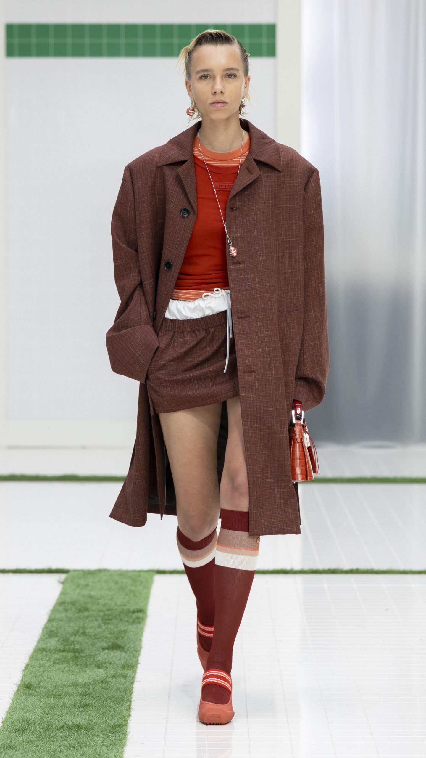 Enquanto o legado da Lacoste nos esportes serve de alicerce para as criações de Pelagia, a autenticidade crua evolui para contrastes refinados e frescos entre transparência e opacidade, conforto e fluidez, inspiração no esporte e elegância despretensiosa. Sensualidade, proporções inacabadas e herança esportiva combinadas ao sportswear vintage são a base para um armário elegante que não deixa de ser vibrante, com polos transparentes, peças marcantes em couro espelhado, trench coats que remetem à robes marcados com a frase “Tennis for Everyone” e peças ultraleves de nylon e seda tecnológica que contrastam, criando tensão, com itens utilitários de algodão emborrachado e de nylon de efeito molhado.
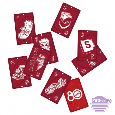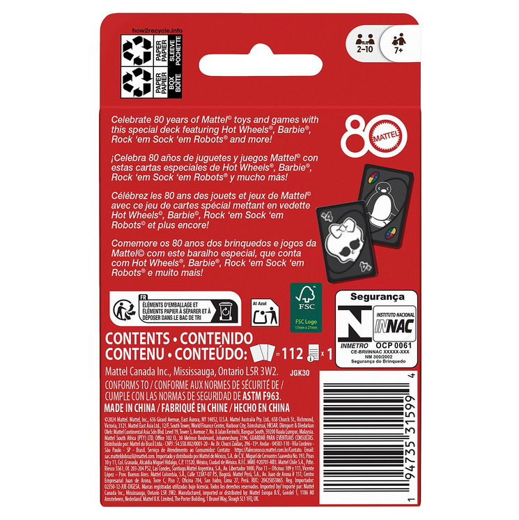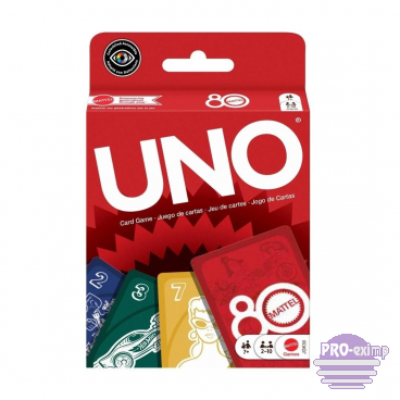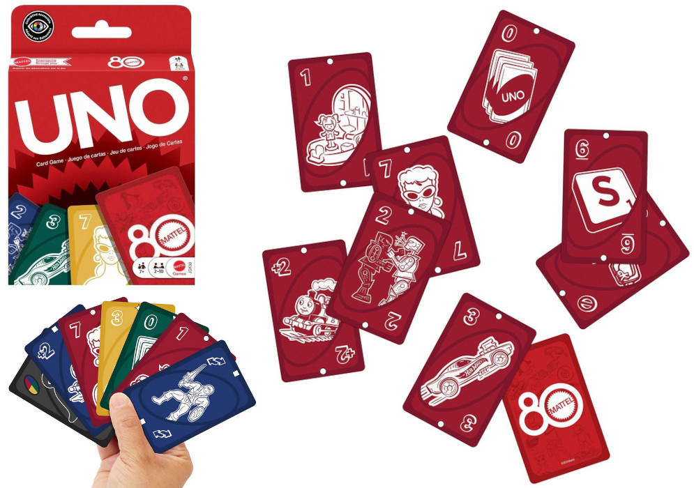 OPIS:Klasyczna gra karciana UNO powraca w wyjątkowej odsłonie stworzonej z okazji 80-lecia marki Mattel. Ta specjalna edycja celebruje historię jednej z najbardziej znanych firm zabawkarskich na świecie. Na kartach pojawiają się ilustracje inspirowane kultowymi postaciami i produktami Mattel - m.in. Barbie, Hot Wheels czy Rock -Em Sock -Em Robots.
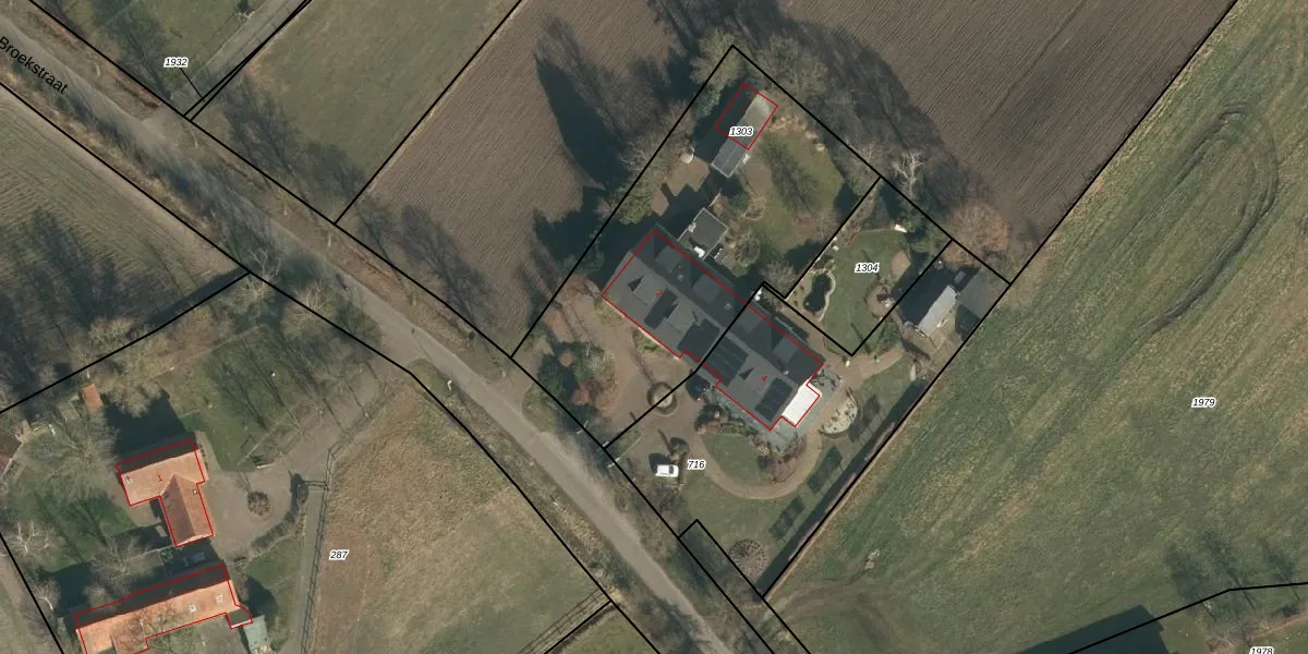 Het perceel waarop Broekstraat 2 staat heeft een oppervlakte van 1555 m². Dit is een zeer groot perceel. De perceeloppervlakte wordt geregistreerd door het Kadaster. Gedetailleerde informatie over de maten van dit perceel kunt u vinden in het rapport Kadastrale kaart met maatvoering van Broekstraat 2.

━━━━━━━━━━━━━━━━

• [What is needed] Extract, word for word, each line from the one that contains "OPIS:Klasyczna gra karciana" through the final line of the data above. Leave the pictures out.

• [Solution to this exercise]
 OPIS:Klasyczna gra karciana UNO powraca w wyjątkowej odsłonie stworzonej z okazji 80-lecia marki Mattel. Ta specjalna edycja celebruje historię jednej z najbardziej znanych firm zabawkarskich na świecie. Na kartach pojawiają się ilustracje inspirowane kultowymi postaciami i produktami Mattel - m.in. Barbie, Hot Wheels czy Rock -Em Sock -Em Robots.
 Het perceel waarop Broekstraat 2 staat heeft een oppervlakte van 1555 m². Dit is een zeer groot perceel. De perceeloppervlakte wordt geregistreerd door het Kadaster. Gedetailleerde informatie over de maten van dit perceel kunt u vinden in het rapport Kadastrale kaart met maatvoering van Broekstraat 2.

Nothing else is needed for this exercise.